On Inquiry XI: Inquiry in Data Science I

"There is no inquiry which is not finally reducible to a question of Numbers; for there is none which may not be conceived of as consisting in the determination of quantities by each other, according to certain relations." (Auguste Comte, "The Positive Philosophy", 1830)

"[...] the data with which any scientific inquiry has to do are trivialities in some other bearing than that one in which they are of account." (Thorstein Veblen, "The Place of Science in Modern Civilisation and Other Essays", 1906)

"The postulate of randomness thus resolves itself into the question, 'of what population is this a random sample?' which must frequently be asked by every practical statistician." (Ronald Fisher, "On the Mathematical Foundation of Theoretical Statistics", Philosophical Transactions of the Royal Society of London Vol. A222, 1922)
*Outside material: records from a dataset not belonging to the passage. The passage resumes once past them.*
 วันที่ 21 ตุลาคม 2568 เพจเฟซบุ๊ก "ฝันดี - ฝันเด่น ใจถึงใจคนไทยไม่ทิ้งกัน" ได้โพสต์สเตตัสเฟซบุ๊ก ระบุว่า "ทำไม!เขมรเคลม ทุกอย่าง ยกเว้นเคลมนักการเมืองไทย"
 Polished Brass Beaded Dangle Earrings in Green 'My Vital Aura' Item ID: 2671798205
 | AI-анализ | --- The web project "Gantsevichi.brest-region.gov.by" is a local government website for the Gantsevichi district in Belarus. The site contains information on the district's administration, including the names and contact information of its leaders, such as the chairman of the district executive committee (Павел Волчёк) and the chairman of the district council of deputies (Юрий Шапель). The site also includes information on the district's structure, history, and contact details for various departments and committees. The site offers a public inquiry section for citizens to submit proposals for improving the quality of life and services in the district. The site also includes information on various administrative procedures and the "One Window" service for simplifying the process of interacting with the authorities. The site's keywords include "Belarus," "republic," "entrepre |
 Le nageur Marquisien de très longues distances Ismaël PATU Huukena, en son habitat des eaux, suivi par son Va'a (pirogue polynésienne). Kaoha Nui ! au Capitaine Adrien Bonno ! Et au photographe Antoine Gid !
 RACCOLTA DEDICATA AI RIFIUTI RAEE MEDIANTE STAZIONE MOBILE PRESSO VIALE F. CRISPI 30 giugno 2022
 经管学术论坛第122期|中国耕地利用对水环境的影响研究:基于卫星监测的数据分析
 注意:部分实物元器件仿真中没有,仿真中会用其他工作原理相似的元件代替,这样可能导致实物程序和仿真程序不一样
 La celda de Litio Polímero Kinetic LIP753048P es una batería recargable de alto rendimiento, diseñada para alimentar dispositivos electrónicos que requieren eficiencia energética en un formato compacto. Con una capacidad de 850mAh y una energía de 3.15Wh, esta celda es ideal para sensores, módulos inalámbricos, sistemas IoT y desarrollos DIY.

"Statistics are numerical statements of facts in any department of inquiry, placed in relation to each other; statistical methods are devices for abbreviating and classifying the statements and making clear the relations." (Arthur L Bowley, "An Elementary Manual of Statistics", 1934)
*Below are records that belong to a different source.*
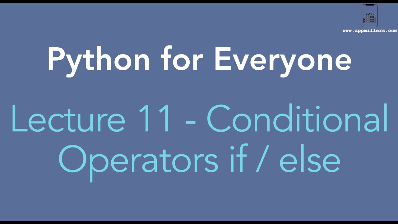 Python for Everyone: Lecture 11 - Conditional Operators if / else - YouTube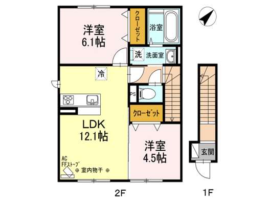 | 詳細間取 | 2LDK (洋6.1帖×1、洋4.5帖×1、LDK12.1帖) | ||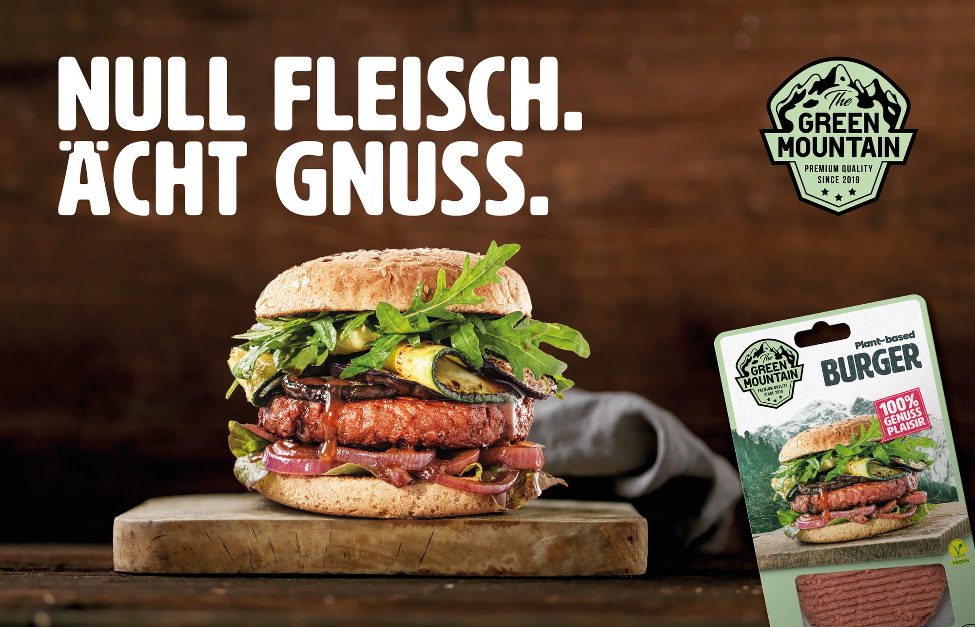 Ein grosses Sichtfenster gibt den Blick auf das Produkt frei, das wie das Pendant zu Fleisch aussieht und sich nicht zu verstecken braucht. Zusätzlich regt ein hochwertiges Bild vom zubereiteten Produkt den Appetit an und bringt das Motto "Null Fleisch. Ächt Gnuss" kompromisslos auf den Punkt. Werner Ott, als THE GREEN MOUNTAIN Geschäftsführer:"Das neu gestaltete Verpackungsdesign zahlt auf die Vorzüge des jeweiligen Produktes ein, gibt Orientierung und schafft Vertrauen. Unser unverwechselbares und authentisches Design ist ein wichtiger THE GREEN MOUNTAIN Erfolgsfaktor – gestern, heute und morgen".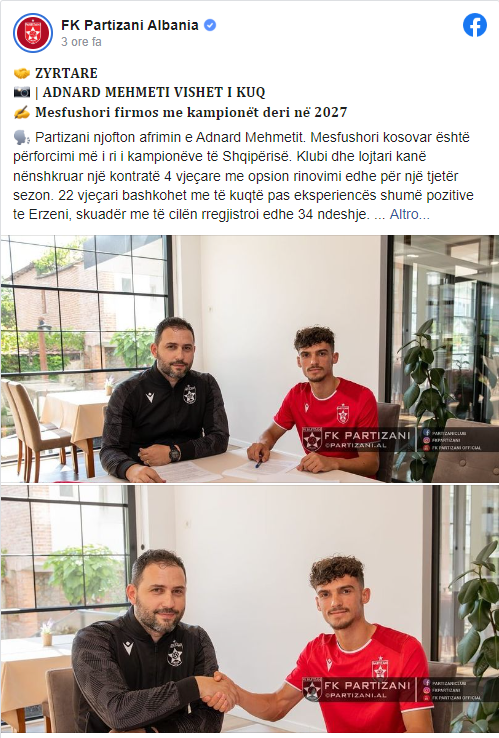 Klubi i Partizanit ka bërë pak çaste më parë të ditur se kanë arritur marrëveshjen dhe firmën me talentin 22-vjeçar nga Kosova.
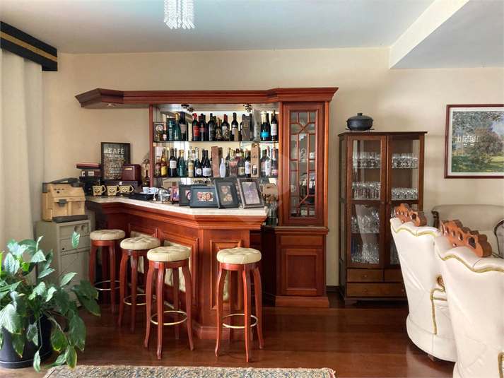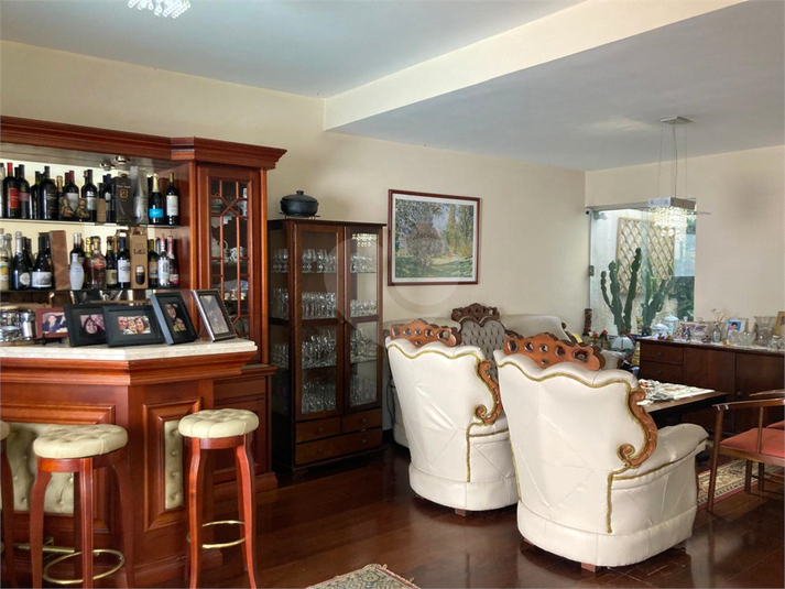 Ampla sala para três ambientes com piso de madeira, lavabo e jardim de inverno.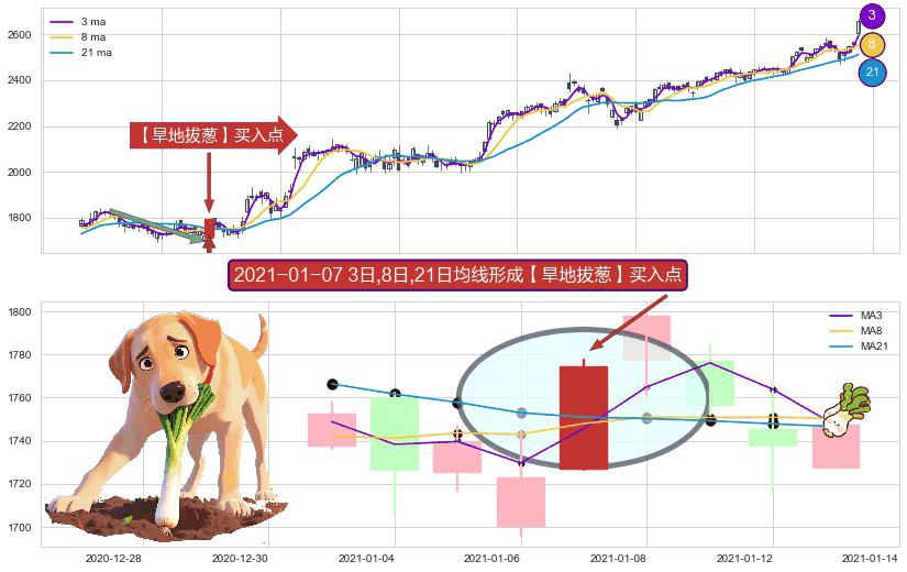 ⚀ 2021-01-07日显现 3日-8日-21日均线 【旱地拔葱】买入点 看多信号,后市看涨,买入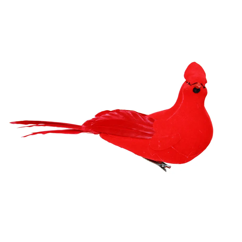 Elevate your décor with this charming 7" Cardinal. Crafted from real feathers, this delightful cardinal adds a pop of color and natural beauty to any arrangement. Its metal clip at the bottom makes it easy to attach to wreaths, garlands, or floral displays, offering versatile decoration options. Whether used to bring a festive touch to holiday décor or to add a splash of color to everyday displays, this lifelike cardinal is sure to enchant with its vibrant hues and lifelike texture.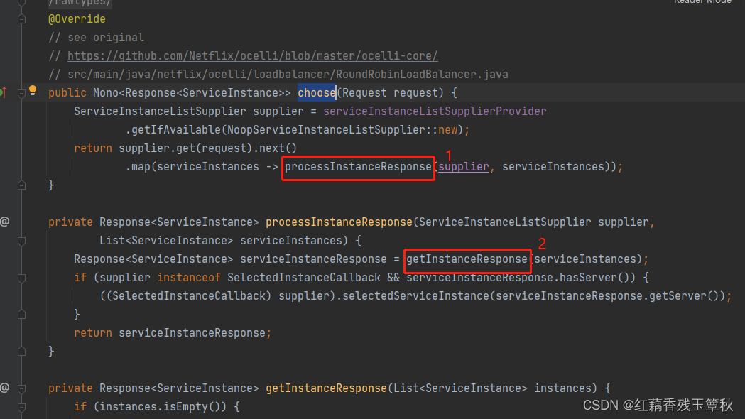 我们参考这个类实现自己的负载均衡策略即可,RoundRobinLoadBalancer实现了ReactorServiceInstanceLoadBalancer这个接口,实现了choose这个方法,如下图: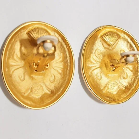 Vintage Karl Lagerfeld Clip Earrings – Green Enamel w/Pearl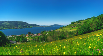 Von Seewalchen vorbei an alten Villen über den Ginzkey-Weg zum Gerlhammer Moor und über den Buchberg mit traumhaftem Ausblick über den See und das Gebirge.
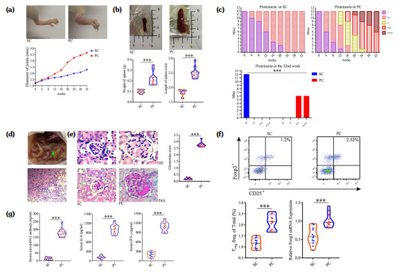 Red swollen joints and proteinuria were first observed in PC after the 12th week. Thus, the model of murine lupus was successfully established (Figure 1).

"Only by the analysis and interpretation of observations as they are made, and the examination of the larger implications of the results, is one in a satisfactory position to pose new experimental and theoretical questions of the greatest significance." (John A Wheeler, "Elementary Particle Physics", American Scientist, 1947)

"Errors of the third kind happen in conventional tests of differences of means, but they are usually not considered, although their existence is probably recognized. It seems to the author that there may be several reasons for this among which are 1) a preoccupation on the part of mathematical statisticians with the formal questions of acceptance and rejection of null hypotheses without adequate consideration of the implications of the error of the third kind for the practical experimenter, 2) the rarity with which an error of the third kind arises in the usual tests of significance." (Frederick Mosteller, "A k-Sample Slippage Test for an Extreme Population", The Annals of Mathematical Statistics 19, 1948)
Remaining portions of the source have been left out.